━━ Data excerpt
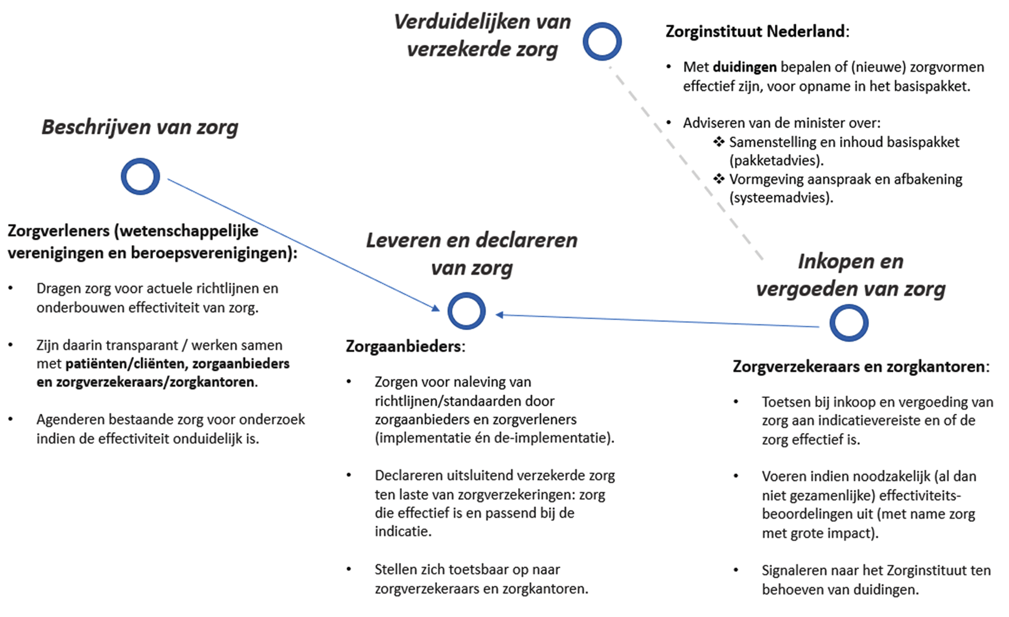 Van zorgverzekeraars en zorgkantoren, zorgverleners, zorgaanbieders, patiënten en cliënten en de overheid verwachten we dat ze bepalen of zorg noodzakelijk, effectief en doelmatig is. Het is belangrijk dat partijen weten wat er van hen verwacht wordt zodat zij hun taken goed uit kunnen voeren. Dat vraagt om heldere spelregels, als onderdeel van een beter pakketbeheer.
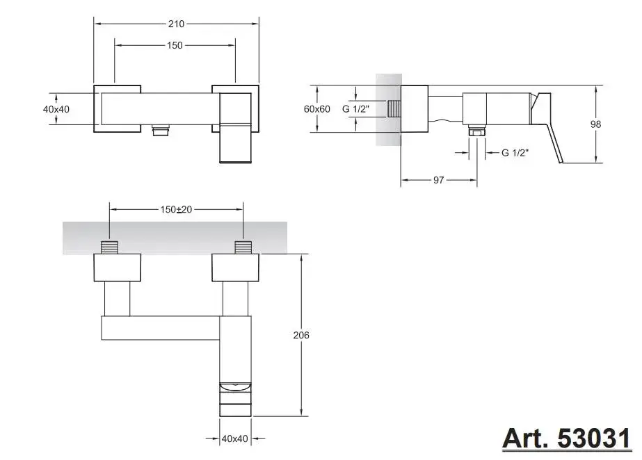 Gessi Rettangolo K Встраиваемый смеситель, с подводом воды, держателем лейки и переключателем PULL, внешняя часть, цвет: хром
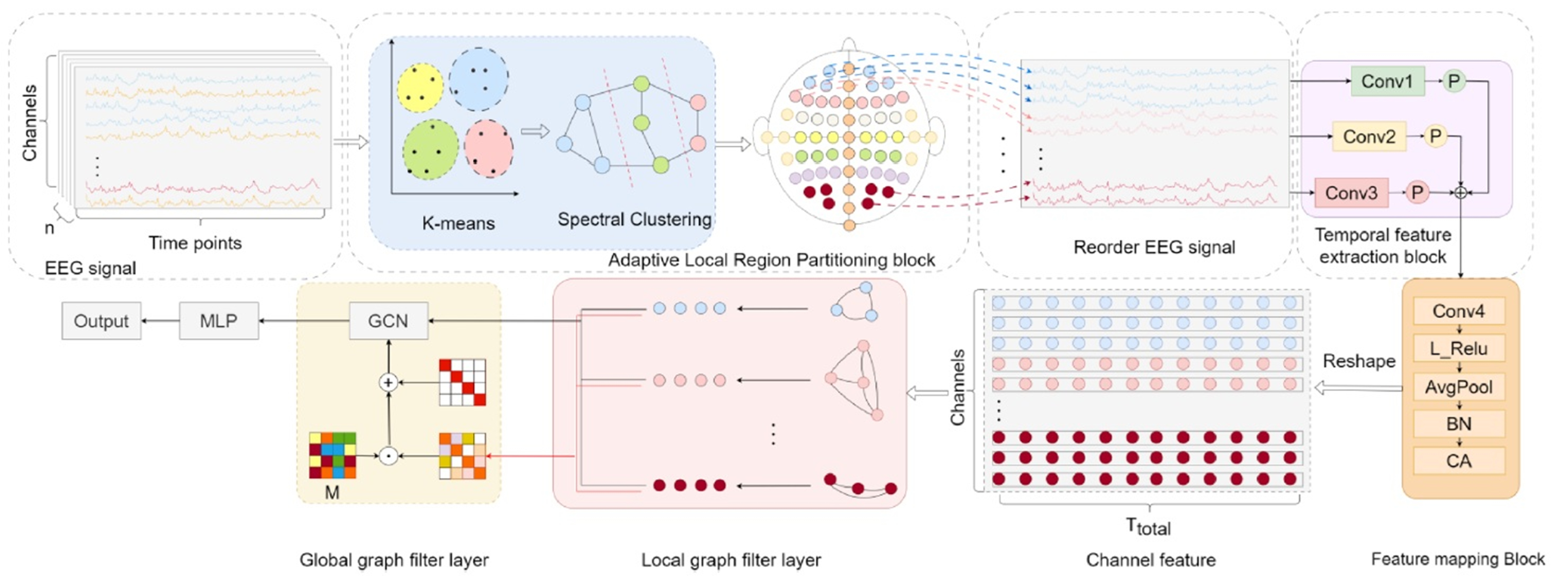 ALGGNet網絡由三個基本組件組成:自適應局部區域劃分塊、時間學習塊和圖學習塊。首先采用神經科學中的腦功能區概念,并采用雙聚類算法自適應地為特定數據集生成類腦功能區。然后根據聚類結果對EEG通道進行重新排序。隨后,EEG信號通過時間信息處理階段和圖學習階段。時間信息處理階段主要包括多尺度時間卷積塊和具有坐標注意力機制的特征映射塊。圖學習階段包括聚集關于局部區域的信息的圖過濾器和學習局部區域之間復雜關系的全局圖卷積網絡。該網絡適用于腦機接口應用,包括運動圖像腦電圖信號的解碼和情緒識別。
━━━━
_Task prompt_
Word for word, restate every line of the listing, omitting the pictures.

_Written answer_
 Van zorgverzekeraars en zorgkantoren, zorgverleners, zorgaanbieders, patiënten en cliënten en de overheid verwachten we dat ze bepalen of zorg noodzakelijk, effectief en doelmatig is. Het is belangrijk dat partijen weten wat er van hen verwacht wordt zodat zij hun taken goed uit kunnen voeren. Dat vraagt om heldere spelregels, als onderdeel van een beter pakketbeheer.
 Gessi Rettangolo K Встраиваемый смеситель, с подводом воды, держателем лейки и переключателем PULL, внешняя часть, цвет: хром
 ALGGNet網絡由三個基本組件組成:自適應局部區域劃分塊、時間學習塊和圖學習塊。首先采用神經科學中的腦功能區概念,并采用雙聚類算法自適應地為特定數據集生成類腦功能區。然后根據聚類結果對EEG通道進行重新排序。隨后,EEG信號通過時間信息處理階段和圖學習階段。時間信息處理階段主要包括多尺度時間卷積塊和具有坐標注意力機制的特征映射塊。圖學習階段包括聚集關于局部區域的信息的圖過濾器和學習局部區域之間復雜關系的全局圖卷積網絡。該網絡適用于腦機接口應用,包括運動圖像腦電圖信號的解碼和情緒識別。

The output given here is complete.